◆ Exercise details ◆
Exact copies of the lines below, from the one with "In the [Settings]" up to and including the one with "compatible scabbard. Boxed.", are what this calls for; leave out pictures.

◆ Stored data entries ◆
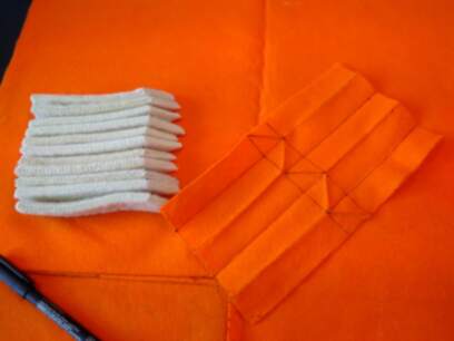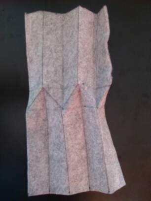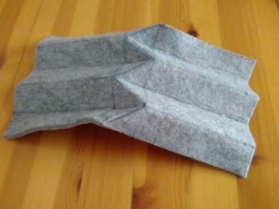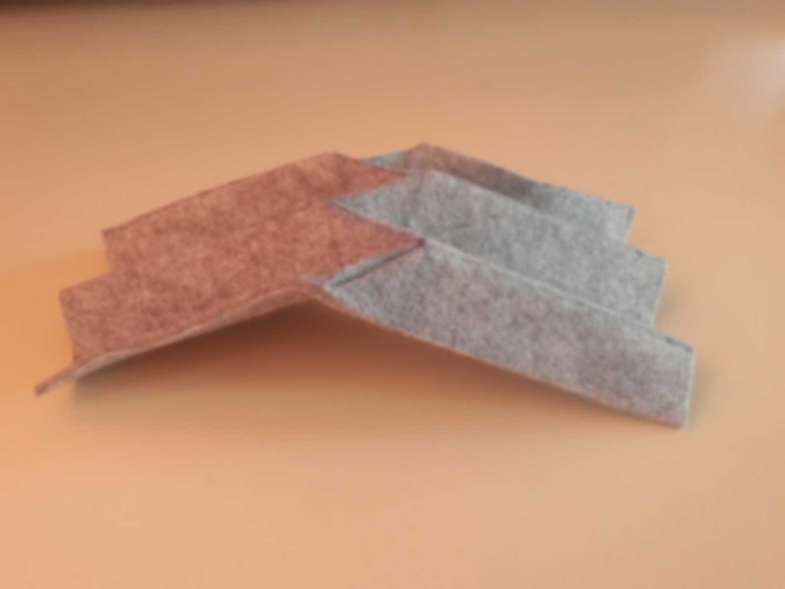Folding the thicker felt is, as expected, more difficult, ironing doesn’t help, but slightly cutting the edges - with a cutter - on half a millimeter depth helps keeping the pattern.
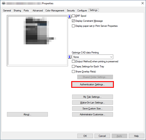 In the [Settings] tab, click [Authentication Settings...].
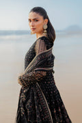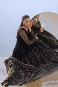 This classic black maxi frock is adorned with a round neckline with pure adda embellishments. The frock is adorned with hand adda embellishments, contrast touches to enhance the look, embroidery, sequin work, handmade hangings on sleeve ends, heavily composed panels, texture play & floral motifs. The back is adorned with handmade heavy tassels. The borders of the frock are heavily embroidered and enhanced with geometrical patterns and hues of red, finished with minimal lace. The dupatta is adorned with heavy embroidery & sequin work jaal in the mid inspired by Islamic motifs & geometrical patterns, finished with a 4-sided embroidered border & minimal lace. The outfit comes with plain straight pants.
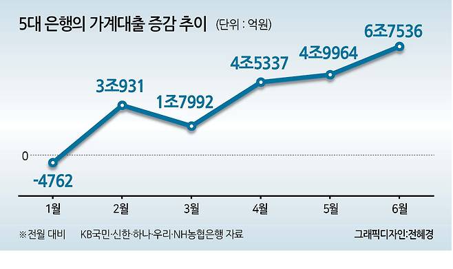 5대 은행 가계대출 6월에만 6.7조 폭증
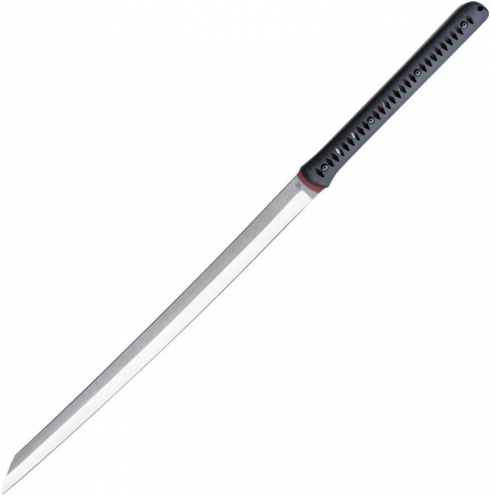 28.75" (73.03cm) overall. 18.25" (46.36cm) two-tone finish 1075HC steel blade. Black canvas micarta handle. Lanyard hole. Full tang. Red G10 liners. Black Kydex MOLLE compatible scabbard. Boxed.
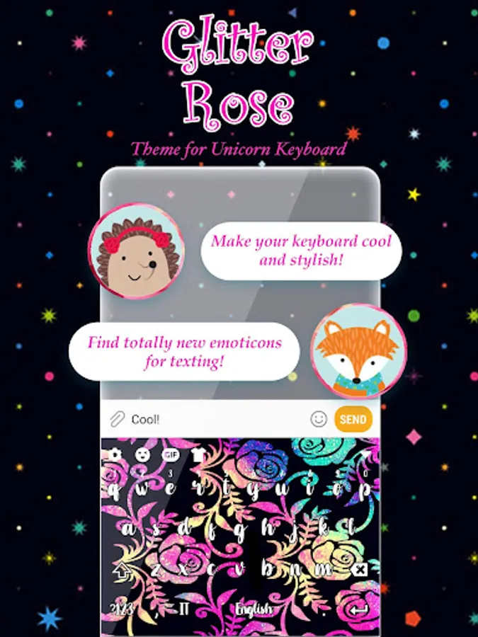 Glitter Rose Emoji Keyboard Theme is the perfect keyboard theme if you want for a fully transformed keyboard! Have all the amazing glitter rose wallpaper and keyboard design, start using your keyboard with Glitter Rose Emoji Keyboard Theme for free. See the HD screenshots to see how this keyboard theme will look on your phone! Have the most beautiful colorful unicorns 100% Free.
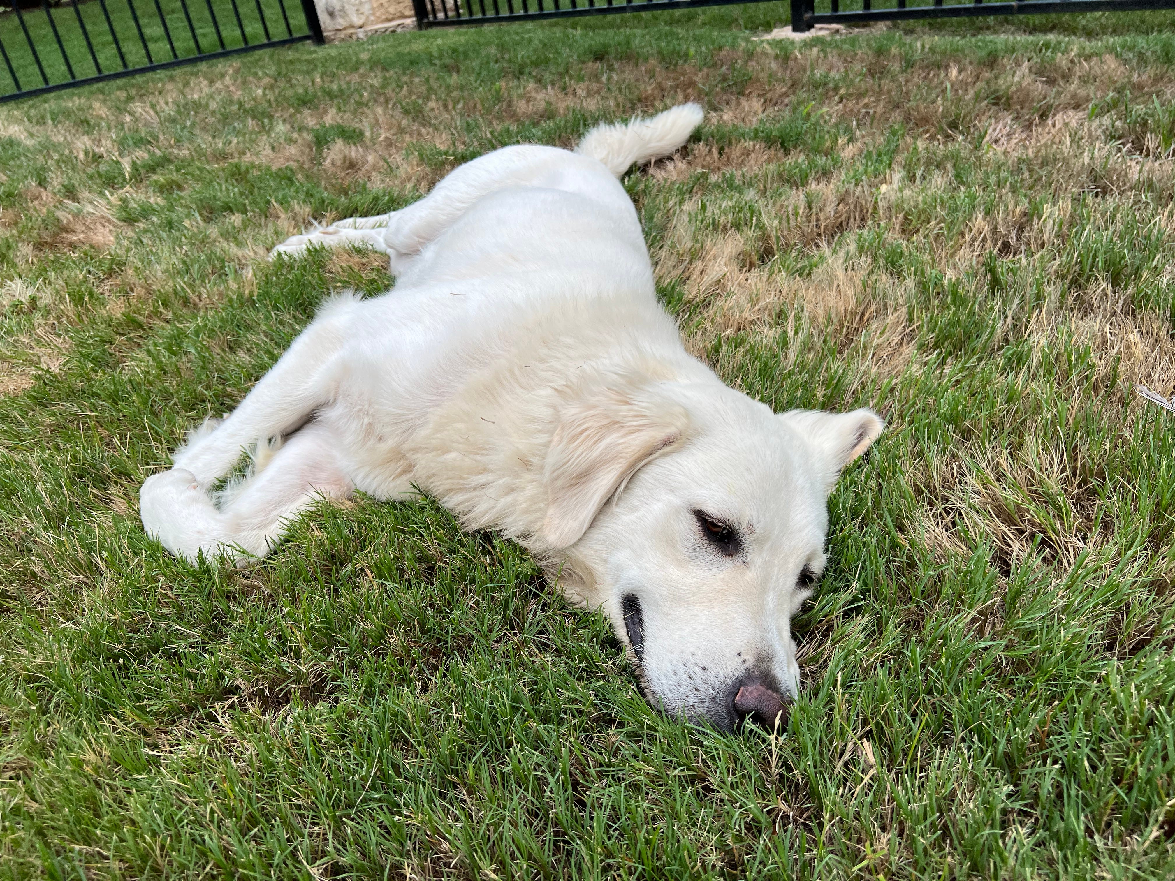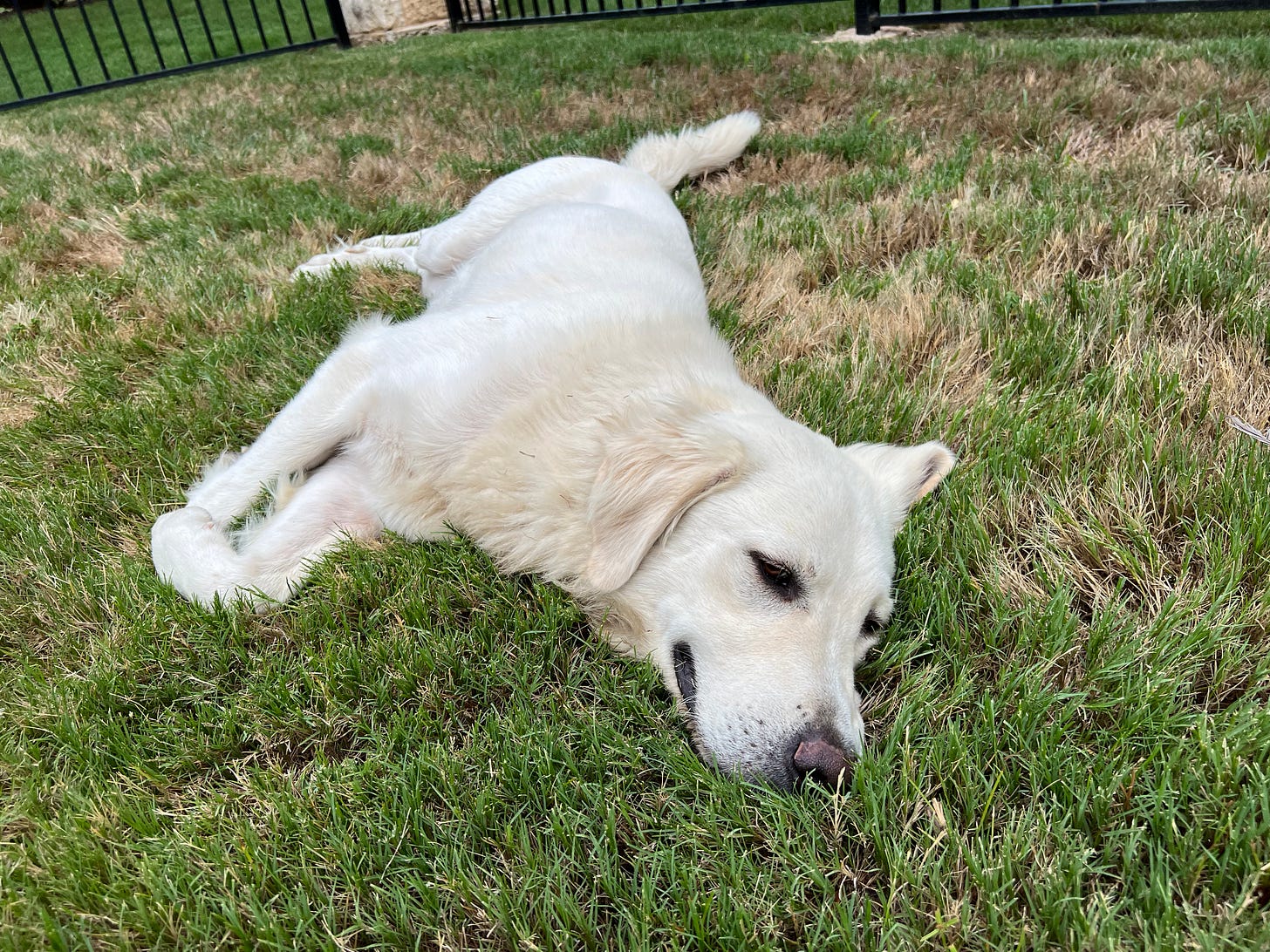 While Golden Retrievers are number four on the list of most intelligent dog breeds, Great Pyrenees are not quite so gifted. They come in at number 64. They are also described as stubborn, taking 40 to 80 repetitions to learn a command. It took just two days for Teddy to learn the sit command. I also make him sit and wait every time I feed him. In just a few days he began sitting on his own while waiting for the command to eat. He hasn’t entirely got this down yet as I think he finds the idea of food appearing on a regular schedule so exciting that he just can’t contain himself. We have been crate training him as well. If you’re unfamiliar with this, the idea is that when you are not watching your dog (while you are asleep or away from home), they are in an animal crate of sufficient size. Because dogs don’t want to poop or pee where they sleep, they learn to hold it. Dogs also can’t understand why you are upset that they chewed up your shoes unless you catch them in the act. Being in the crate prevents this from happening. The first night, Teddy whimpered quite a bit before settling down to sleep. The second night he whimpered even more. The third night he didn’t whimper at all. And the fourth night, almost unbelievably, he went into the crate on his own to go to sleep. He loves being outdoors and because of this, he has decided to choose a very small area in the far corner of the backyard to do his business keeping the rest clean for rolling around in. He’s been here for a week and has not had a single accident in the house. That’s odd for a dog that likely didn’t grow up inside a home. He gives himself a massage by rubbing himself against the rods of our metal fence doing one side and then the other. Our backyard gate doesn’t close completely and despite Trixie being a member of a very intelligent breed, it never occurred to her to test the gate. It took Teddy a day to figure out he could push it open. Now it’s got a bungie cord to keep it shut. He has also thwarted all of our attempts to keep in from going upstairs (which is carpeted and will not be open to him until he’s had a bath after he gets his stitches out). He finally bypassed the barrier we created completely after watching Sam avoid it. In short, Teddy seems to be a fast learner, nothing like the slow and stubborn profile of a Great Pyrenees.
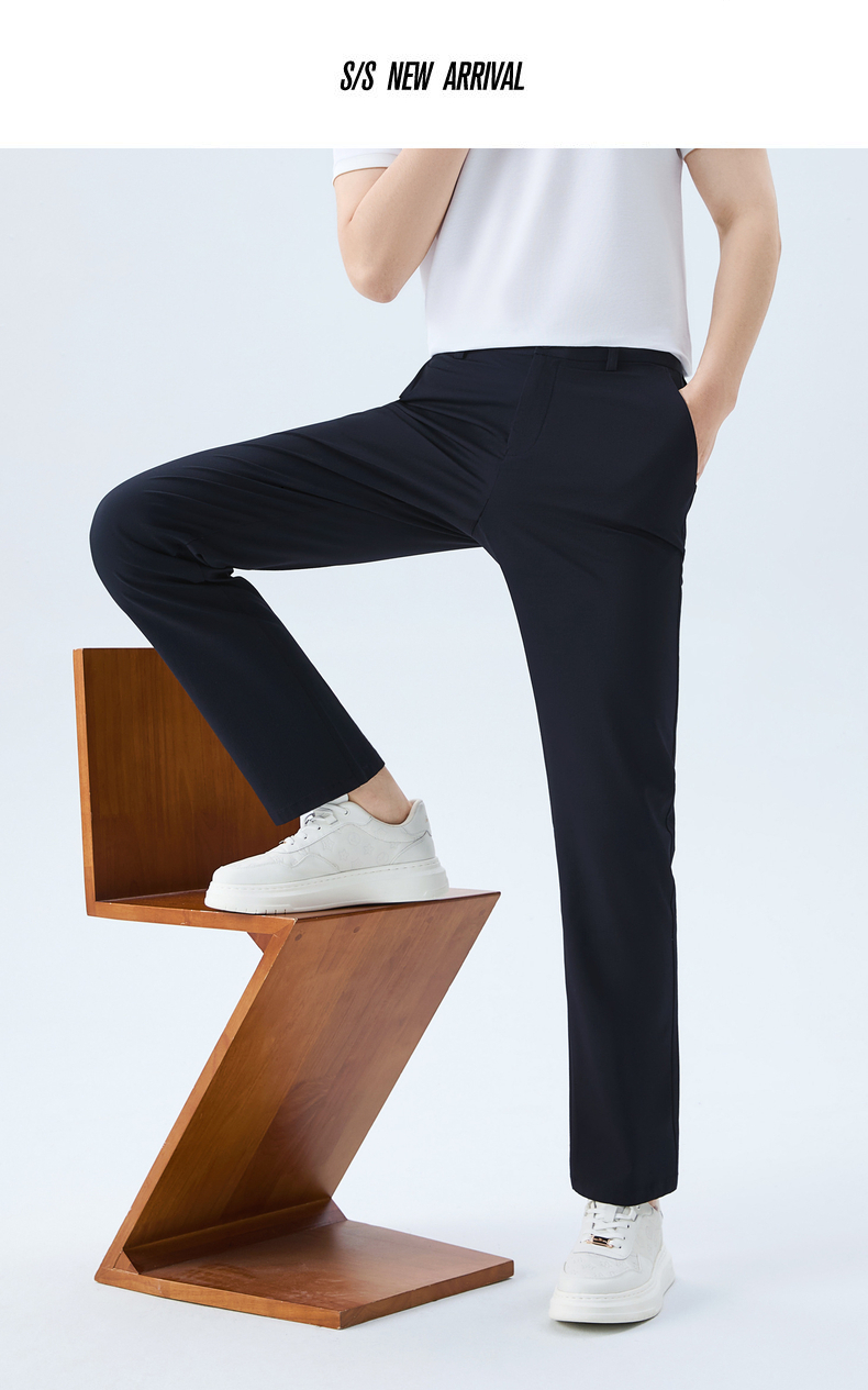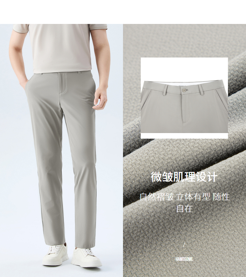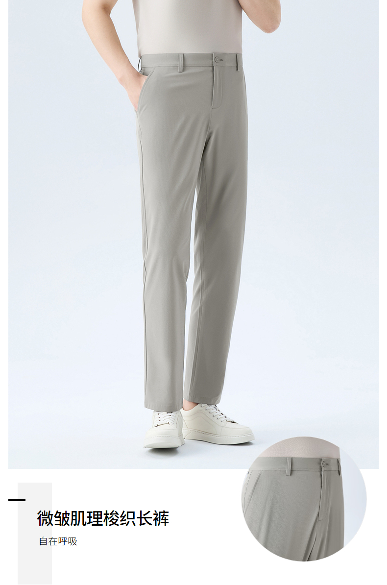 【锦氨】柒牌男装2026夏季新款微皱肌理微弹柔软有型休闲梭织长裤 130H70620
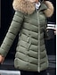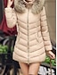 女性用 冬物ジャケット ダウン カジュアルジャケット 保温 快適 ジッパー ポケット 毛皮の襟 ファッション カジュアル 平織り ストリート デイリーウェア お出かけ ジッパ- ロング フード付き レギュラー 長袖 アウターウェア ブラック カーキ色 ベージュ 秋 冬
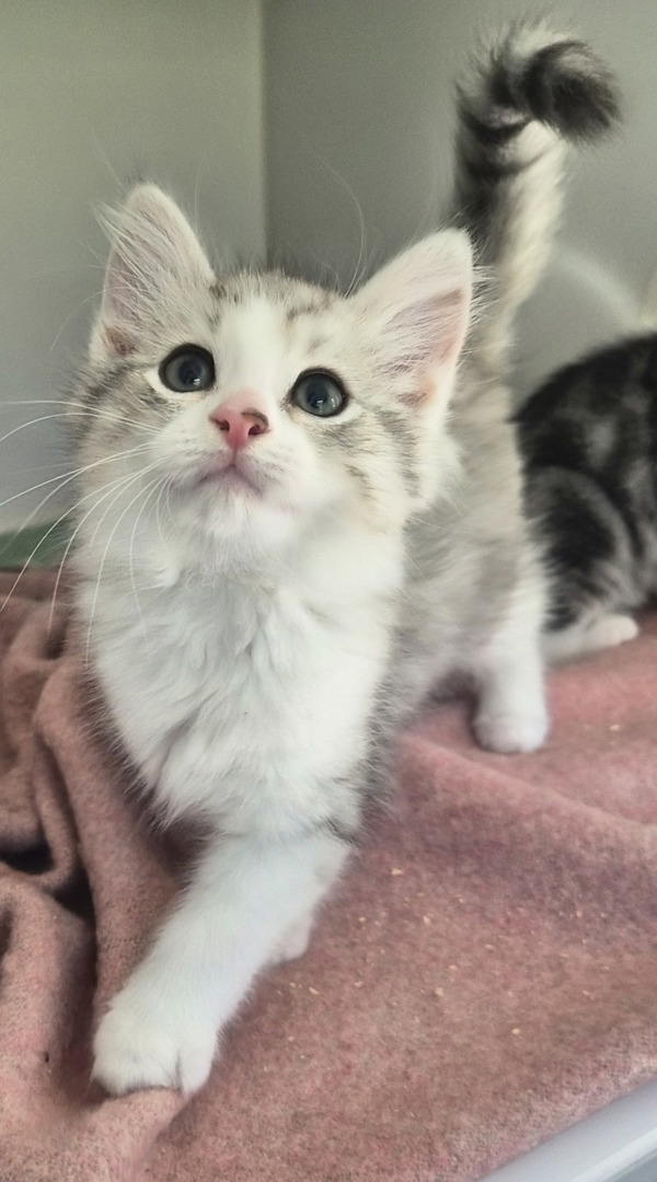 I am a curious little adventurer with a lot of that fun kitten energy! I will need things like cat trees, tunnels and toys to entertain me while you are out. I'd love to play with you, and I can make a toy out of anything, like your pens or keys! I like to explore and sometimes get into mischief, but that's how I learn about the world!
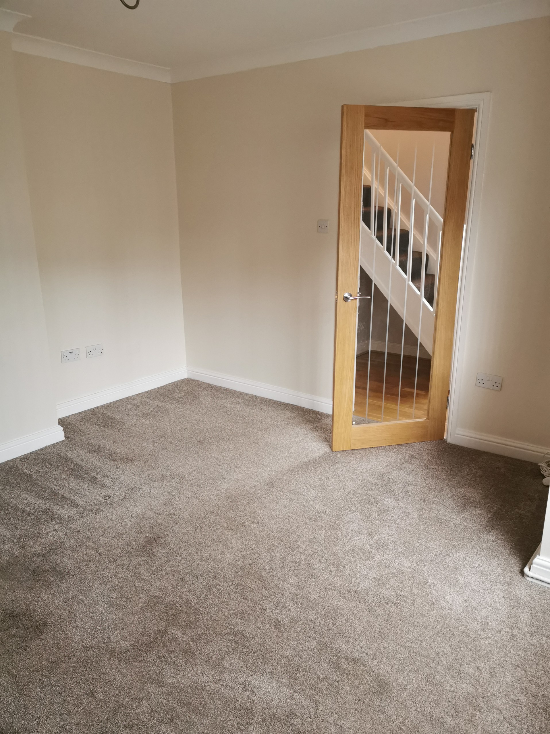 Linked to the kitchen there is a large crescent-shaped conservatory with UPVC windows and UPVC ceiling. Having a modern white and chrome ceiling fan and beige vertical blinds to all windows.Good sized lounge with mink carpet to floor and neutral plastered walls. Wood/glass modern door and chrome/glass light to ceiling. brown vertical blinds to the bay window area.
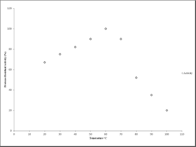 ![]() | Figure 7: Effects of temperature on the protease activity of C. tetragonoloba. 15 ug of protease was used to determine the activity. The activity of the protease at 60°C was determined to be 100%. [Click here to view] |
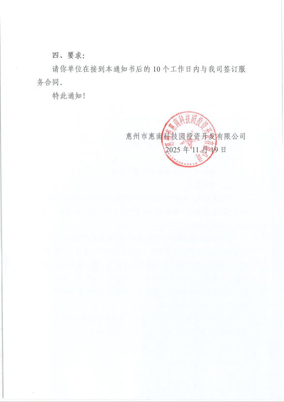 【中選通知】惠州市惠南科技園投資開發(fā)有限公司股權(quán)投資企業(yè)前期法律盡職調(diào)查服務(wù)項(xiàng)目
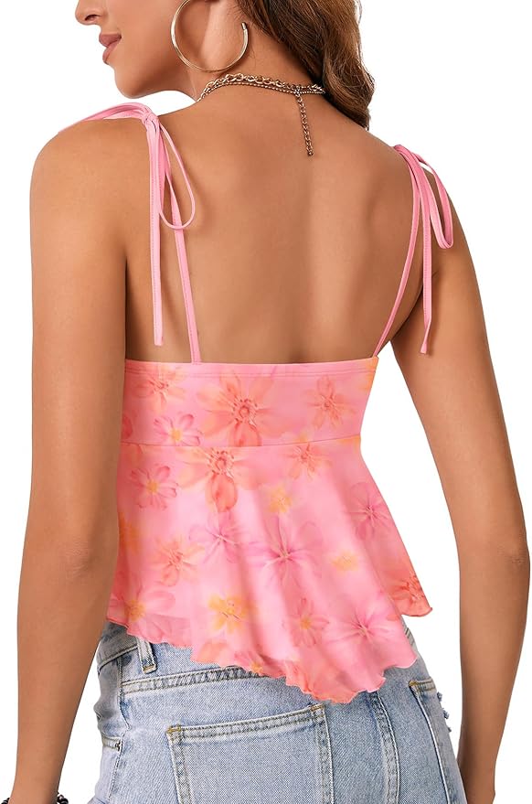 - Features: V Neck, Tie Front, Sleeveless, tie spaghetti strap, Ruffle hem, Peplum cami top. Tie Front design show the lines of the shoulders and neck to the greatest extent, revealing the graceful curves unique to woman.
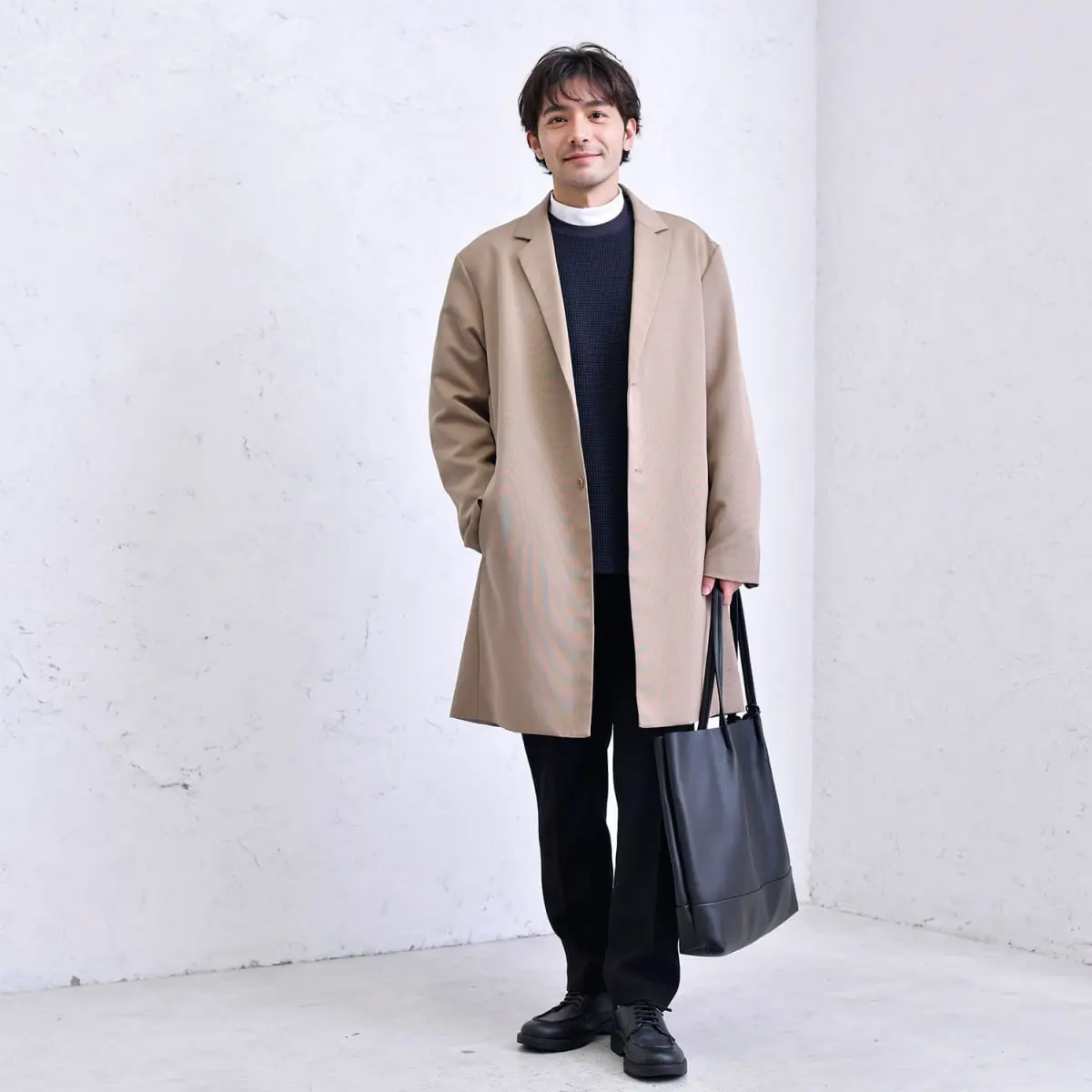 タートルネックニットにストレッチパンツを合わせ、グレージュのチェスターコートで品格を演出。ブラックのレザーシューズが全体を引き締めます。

◆ Finished task ◆
 In the [Settings] tab, click [Authentication Settings...].
 This classic black maxi frock is adorned with a round neckline with pure adda embellishments. The frock is adorned with hand adda embellishments, contrast touches to enhance the look, embroidery, sequin work, handmade hangings on sleeve ends, heavily composed panels, texture play & floral motifs. The back is adorned with handmade heavy tassels. The borders of the frock are heavily embroidered and enhanced with geometrical patterns and hues of red, finished with minimal lace. The dupatta is adorned with heavy embroidery & sequin work jaal in the mid inspired by Islamic motifs & geometrical patterns, finished with a 4-sided embroidered border & minimal lace. The outfit comes with plain straight pants.
 5대 은행 가계대출 6월에만 6.7조 폭증
 28.75" (73.03cm) overall. 18.25" (46.36cm) two-tone finish 1075HC steel blade. Black canvas micarta handle. Lanyard hole. Full tang. Red G10 liners. Black Kydex MOLLE compatible scabbard. Boxed.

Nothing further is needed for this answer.